Customer Feedback Management Skills          Close Window

"If you give a team member feedback, you focus them for a day. If you teach a team member how to "ask" for feedback, you focus them for a lifetime!" 

Frequent Feedback                                  

"How Are We Doing?"     

Existing managerial activities provide everyone feedback from supervisors (vertical) and colleagues (horizontal) but it is difficult to manage feedback one gets from their own daily activities.  We provide a recipe with which frontline leaders can, however, lead activities to provide this feedback.

The "missing-link" --- A "Re-asking" or secondary group asking process to lead the frontlines of daily operations/activities.  Provide customer feedback for everyone from the workplace/daily activity itself !  Feedback from not only associates, but partners as well as customers.   

We believe these points are pivotal and can be an epiphany when placed into operations.  While feedback from colleagues and supervisors (typically managed from programs and procedures) is important for maintaining structure and discipline, it is internal feedback from the activity itself that maintains long-term learning, focus, and commitment.  The internal feedback must be lead through group experiences and relationships to be truly effective.  Keeping one engaged in their daily activities!  In fact, unless one does learn to get feedback from their own daily activities, and studies show only about one-third presently do, they will not be able to remain engaged in the groups efforts.

Learning to get feedback from ones daily activities is a skill that virtually all "star performers" in daily operations share in common.  They have practiced and developed the "ability" to give themselves objective feedback.  And as Dr.

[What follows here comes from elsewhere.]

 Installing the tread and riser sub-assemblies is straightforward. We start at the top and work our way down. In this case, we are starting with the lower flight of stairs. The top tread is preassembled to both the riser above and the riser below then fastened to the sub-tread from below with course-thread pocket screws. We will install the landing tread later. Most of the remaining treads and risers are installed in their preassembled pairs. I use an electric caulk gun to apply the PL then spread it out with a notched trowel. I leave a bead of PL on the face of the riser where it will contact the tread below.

Csikszentmihalyi aptly points out "is in fact the mark of the expert."

 

 

The big payoff for enterprises and groups alike comes as the practice matures and a cycle of engagement builds.  Here engaged associates engage customers and customer interaction reengages associates as well as partners Born in the entrepreneurial ethic of an engaging product or service that engages the customer in such a way as to re-engage the entreprenuer.

We view feedback as two types--Internal, from within the enterprise and external from outside the enterprise.

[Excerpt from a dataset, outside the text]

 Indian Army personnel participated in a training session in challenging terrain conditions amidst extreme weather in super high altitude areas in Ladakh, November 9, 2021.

Internal feedback is generally thought of as appraisals which are part of the structure and discipline of the organization.  There is, however, another important aspect which Mihaly Csikszentmihalyi explores in his book "Good Business", that is feedback from a manager's personal standards.  Depending less on external signs and more on an internal sense of what constitutes a job well done.  Convictions based on experience and part of ones intuition and judgment.  The feedback from within the organization is needed to instill these in the providers of services and products.  The author suggests the strategy of establishing one's own standards clearly and then taking every opportunity to apply them so that others may come to recognize and learn from them.

External feedback is most often considered that from customers:

Many organizations have one or more mechanisms for obtaining feedback from customers.  It may be done from within or with an outside party who gathers data and measures it.  This is used for different purposes, very often to help define or determine:  "How we are doing."   This information very often is factored in both short and long range planning or strategies.  Such mechanisms often fail to serve the purpose of building and maintaining long-range customer focus.  One main reason is, even if effective, they are perceived at the customer level by team members as business projects and programs which determines where the focus goes long-term. 

This tool, because it is not a system or program, gives ownership directly to operational teams and their leaders at the customer level.  It is a "good news, bad news" story.  The good news is leaders can start today as there is no start up or setup, with the bad news being they will never finish.  Leaders can "run with it", have fun with it, learn by doing, become heroes and build relationships.  They want and need the support of management in terms of knowledge and participation in order to create and measure the feedback so they have confidence that they will be successful. 

As team leaders begin to succeed an important side benefit is their role as coach and leader becomes easier due to some relief from the inevitable "caught in the middle" syndrome.  As focus, priorities, and peer review begins to be customer-driven.  For  leaders, their subordinates, and their supervisors alike their actions and decisions have an objective (customer service) and are not personal.

The general rule is, feedback from customers is communicated completely in writing either on paper or electronic and is proactive so as not to interfere with the service/product delivery systems in place.  This provides team members with a "snapshot" of their efforts which can be bulletined or broadcasted and shared with everyone.  In the how-to section of the site we emphasize the importance of maintaining seven characteristics to feedback to lead relationships.